A peaberry is a coffee berry containing one rounded seed (instead of the usual two hemispherical seeds) caused by non-fertilisation of one ovule or subsequent absorption. These beans are a naturally occurring 'mutation' thought to be caused by stress on the coffee plant. They are a rare occurrence, representing up to 8% of a harvest, and are coveted by devotees for what is said to be a sweeter flavour - Noosa Black's Peaberry roast has been described as having a flavour or 'nose' similar to a chocolate brownie. Any unique flavour noted in peaberry coffee beans is more accurately attributed to the size and density of the single bean and how it reacts to heat when roasting, as opposed to the peaberry bean having inherently unique characteristics.

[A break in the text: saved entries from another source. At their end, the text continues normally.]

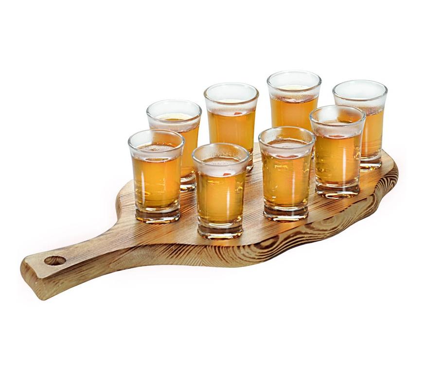 Dřevěný nosič ve tvaru prkénka s osmi panáky udělá skvělý dojem na Vaše hosty během večírku nebo oslavy.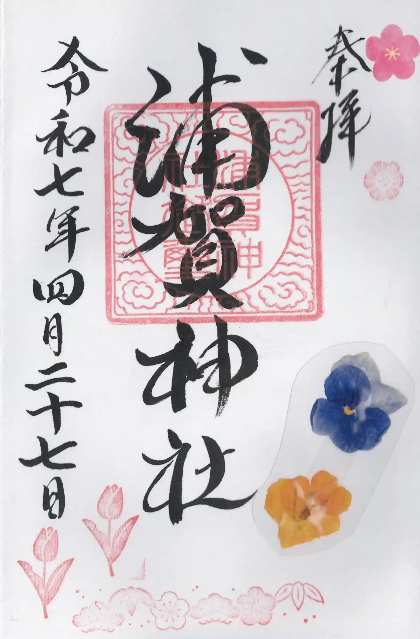 御朱印には、押し花が貼り付けされ、拝殿に奉納されたお花があれば頂くことができると伺っていた通りでした。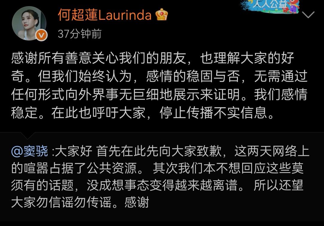 窦骁何超莲终于回应了,但这回应也太糊弄了。这是道歉还是辟谣?说是道歉吧,他们自称没做错任何事。说是辟谣吧,辟了什么谣呢? 真要辟谣,最疑似、伤害性最大的谣言就是:何超莲严防死守自己的财产,窦骁单方面花光了积蓄,这是真的吗? 跟这个关联的是,离婚了没?还是说,从一开始就压根没领证,没结婚也就谈不上离婚? 最重要的,这些传言的源头是向太。如果说是谣言,那要不要起诉向太?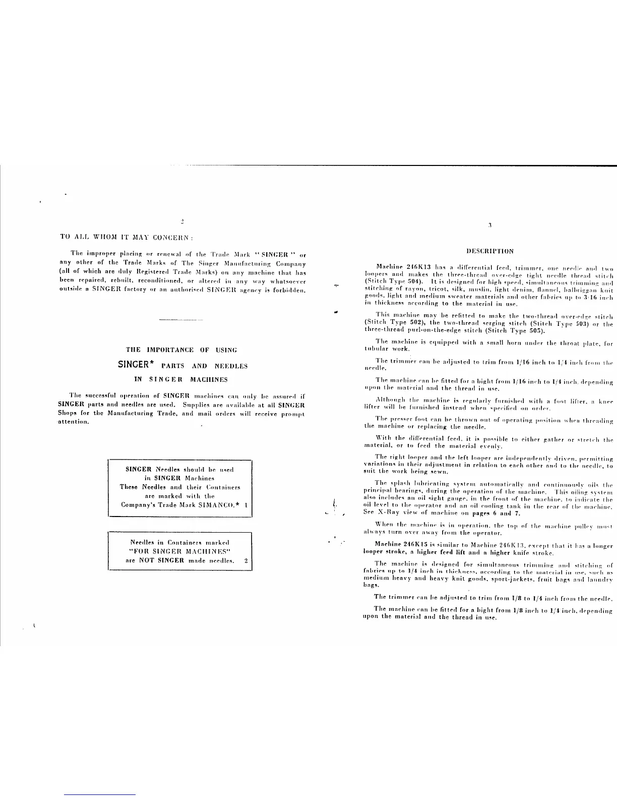 Singer 246K13 - Importance of Using Genuine Singer Parts; Machine Description Overview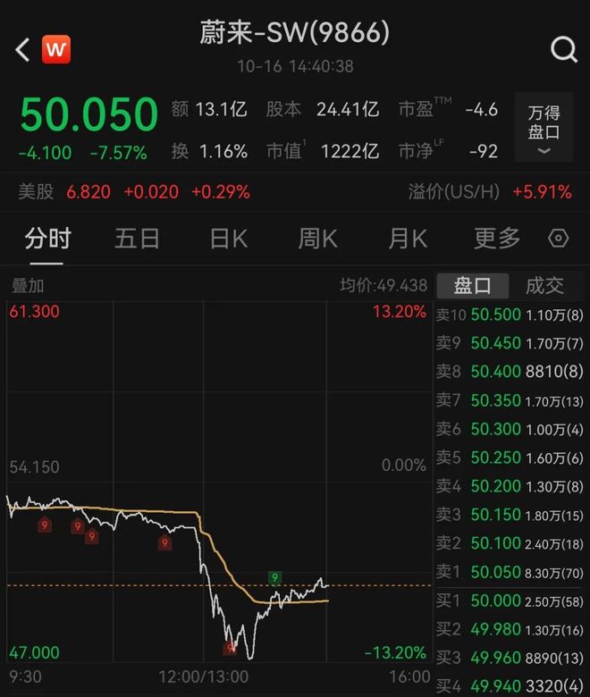 Core Viewpoint - The Hong Kong automotive sector experienced a significant decline, with major companies like NIO and XPeng facing substantial drops in their stock prices [1][3]. Group 1: Stock Performance - NIO's stock fell over 7%, with a peak decline of more than 13% during the trading session [1]. - XPeng Motors saw a decline of over 4% in its stock price [3]. - Other companies such as Li Auto, Great Wall Motors, and Leap Motor also experienced declines, contributing to the overall downturn in the automotive sector [3]. Group 2: Specific Stock Data - NIO-SW (Code: 9866) current price: 50.050, down 7.57% [4]. - XPeng Motors-W (Code: 9868) current price: 82.350, down 4.02% [4]. - Li Auto-W (Code: 2015) current price: 87.850, down 2.01% [4]. - Great Wall Motors (Code: 2333) current price: 15.150, down 3.69% [4]. - Leap Motor (Code: 9863) current price: 57.700, down 3.67% [4].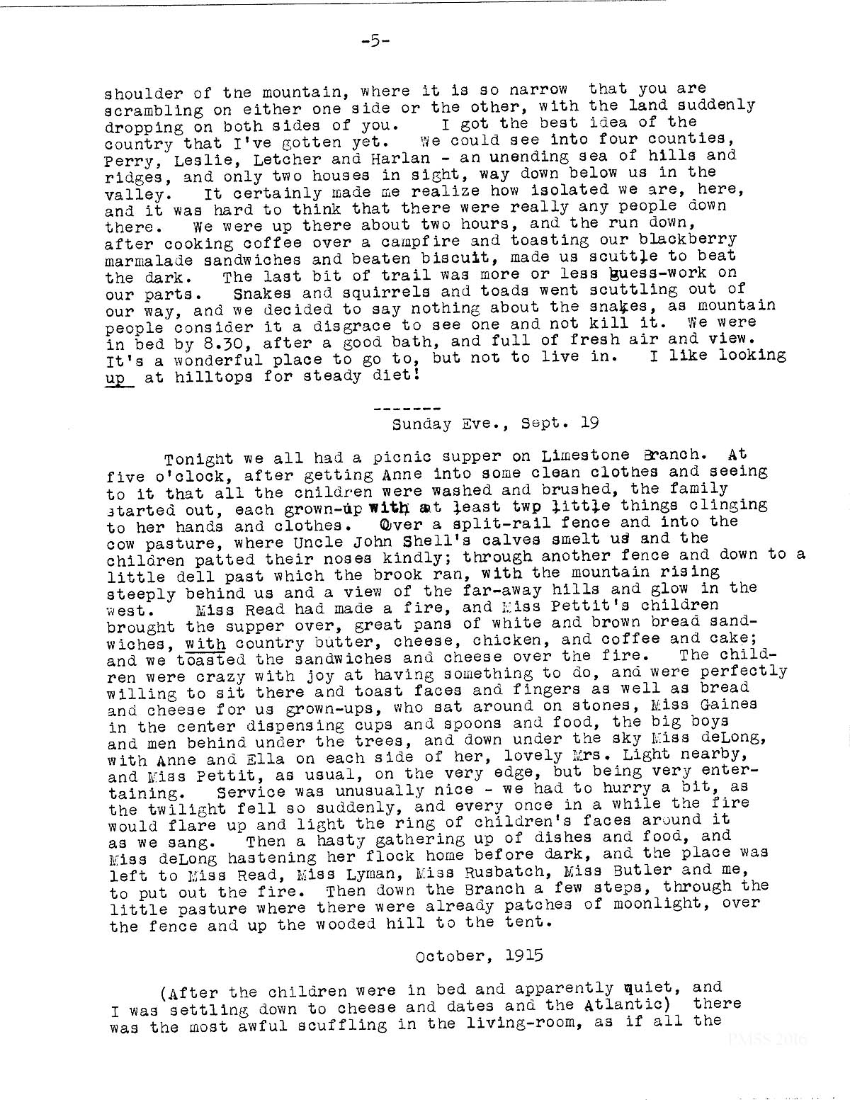 1915 [010] Sunday Eve. Sept. 19. Tonight we all had a picnic supper on Limestone Branch. (p.5)

Peaberry coffee beans (also known as caracol coffee beans or caracolillo coffee beans) are smaller in size than a standard 'flat' bean, so our peaberries are sorted from each harvest and roasted separately to ensure even roasting and consistent flavour. Around eight percent of each harvest at Noosa Black are peaberry beans, and these are sold as our Peaberry roast. We don't know how much of each harvest is peaberry until the parchment beans are hulled and sorted where they are sized by being passed through a series of screens. The occasional peaberry will sneak into some of our other roasts.

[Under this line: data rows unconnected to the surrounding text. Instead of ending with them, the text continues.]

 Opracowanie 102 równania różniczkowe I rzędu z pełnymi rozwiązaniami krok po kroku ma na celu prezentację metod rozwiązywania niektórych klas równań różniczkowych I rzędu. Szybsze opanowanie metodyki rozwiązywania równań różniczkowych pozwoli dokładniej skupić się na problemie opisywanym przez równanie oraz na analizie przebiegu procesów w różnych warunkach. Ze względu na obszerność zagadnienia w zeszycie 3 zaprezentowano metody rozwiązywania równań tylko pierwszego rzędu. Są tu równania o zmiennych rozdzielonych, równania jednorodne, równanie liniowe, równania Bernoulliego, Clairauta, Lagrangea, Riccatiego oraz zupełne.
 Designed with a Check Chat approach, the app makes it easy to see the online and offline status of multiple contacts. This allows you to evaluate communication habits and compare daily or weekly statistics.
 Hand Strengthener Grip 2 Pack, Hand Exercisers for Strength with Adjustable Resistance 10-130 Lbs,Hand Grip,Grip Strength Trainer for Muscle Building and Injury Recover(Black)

There is a lot of debate and soapbox commentary around the subject of peaberry coffee - do they really give a better flavour? We'll leave it up to you to decide. After all, it comes down to your own tastes, and this can vary widely from person to person. Flavour in coffee can also be dramatically altered depending on the coffee making method used; some coffee beans are better suited to certain methods than others. And not everyone has a 'nose' for coffee, so any subtle difference in flavour may go unnoticed.
Our peaberry is a favourite brew on the farm, but we can't drink too much of it or there wouldn't be any left for our customers!